This reflected prevailing attitudes rather than any proven truth.
Fast forward to today, and agriculture is a vital and respected industry.
Modern courses cover everything from agribusiness to environmental science, and students are trained in cutting-edge technologies and sustainable practices.
While there are strong post-school pathways, integrating agriculture into primary and secondary education remains challenging, despite initiatives such as Agribusiness in Schools.
Below is a selection of historical stories from the Whanganui Chronicle and Poverty Bay Herald on agricultural education from 1905, 1924, and 1948.
Free farm schools or agricultural colleges for our youths
Wanganui Chronicle, October 21, 1905
Correspondence.
To the Editor
Sir,—I think it is time that this colony opened free farm schools to encourage our boys to follow agricultural pursuits, as we want a yeoman population.
If we spent thousands of pounds annually teaching the boys town trades in the State technical schools, I think that thousands extra should be spent on agricultural schools, where our boys would be taught to become first producers, and not competitors with the English immigrant town workers.
The Wellington Education Board are moving in the matter.
Queensland, Victoria, South Australia, and New South Wales have State Agricultural Colleges.
—l am, etc.,
J PEARSON.
Agricultural Course.
Poverty Bay Herald, June 20, 1924
Systematic instruction urged.
Speeding up the “duds.”
(Per Press Association.)
Wellington, this day.
Agricultural education was discussed by the Council of Education to-day.
A motion urging the Department to systematise instruction was carried.
Mr. Banks (Rangiora) said that something should be done towards setting up a committee of experts to go into details.
Mr. Banks (Auckland) thought Ruakura and Weraroa farms should be established as agricultural high schools under the control of the Education Department, not the Agricultural Department.
Mr. Milner (Waitaki) said that when boys at his school finished their agricultural course they found great difficulty in going on to universities.
It would be found that the agricultural course in secondary schools was little more than an academic course.
Dr.
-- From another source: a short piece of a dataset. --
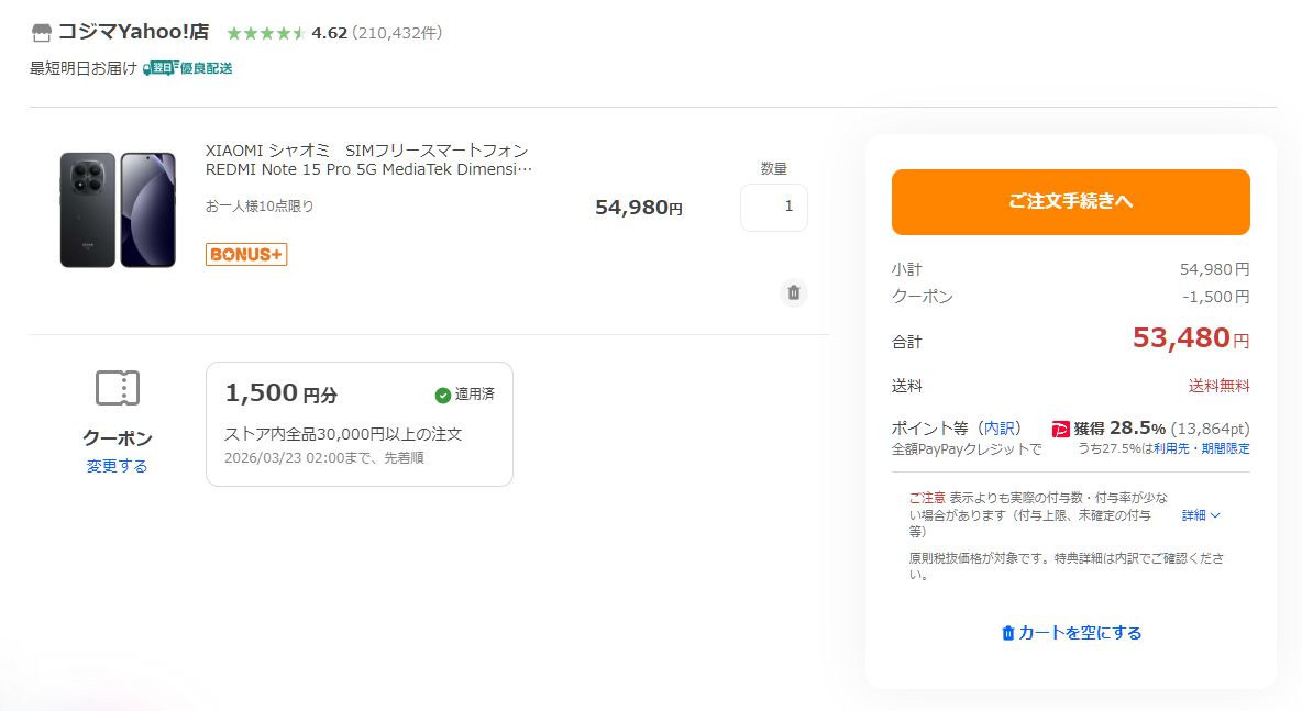 REDMI Note 15 Pro 5Gが54,980円にポイント28%還元(14,041pt)で実質40,939円となっています。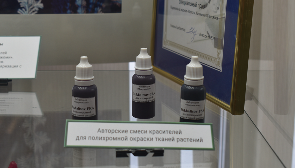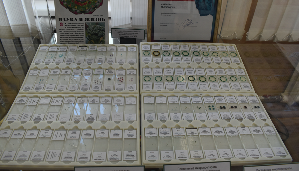 «Анатолий Михальцов лауреат государственной V Всероссийской премии «За верность науке», в 2019 году его признали лучшим популяризатором науки среди педагогов нашей страны. Интересно, что он ещё и создал свои авторские красители для образцов. Те, что существовали ранее, были вредными для здоровья, плохо влияли на лёгкие. А его красители безопасны настолько, что с ними могут работать дети», — рассказала куратор выставки Ольга Карлова.

Marsden said that what was really wanted was a ruralised course in secondary schools as a whole.
There was no use hiding the fact that average pupils taking the agricultural course were “duds.”
The intelligence test had made the discovery that the average agricultural pupils were at least a year and a half behind the other pupils as far as mental abilities went.
The following resolutions were carried: “That the Department be urged, to systematise agricultural instruction from primary schools to the university, and that curricula in post primary schools be broadened in this direction, and that the matriculation examination he amended accordingly; that the Government experimental farms and Lincoln College be turned into agricultural high schools under the control at least as far as the teaching is concerned, of the” Minister of Education.”
Need for agricultural high school in the Waimarino
Wanganui Chronicle, April 29, 1948
(O.C.) Raetihi, April 28.
The urgent need for the establishment of an agricultural high school was stressed at the meeting of householders held at Raetihi on Monday evening.
Speakers—the majority of whom were farmers—were unanimously of the opinion that the facilities at present offering were unsuitable to students requiring a knowledge of high country farming, and the position could only be met by the establishment of a college on some part of the Main Trunk.
After considerable discussion, the motion was carried:—
“That this meeting of householders, recognising the lack of facilities for training in hill country farming, strongly recommends that an agricultural high school be established in the Waimarino.”
A copy of the resolution is to be forwarded to the Education Board and another to the district branch of the Federated Farmers, who will be urged to give their support to the proposal.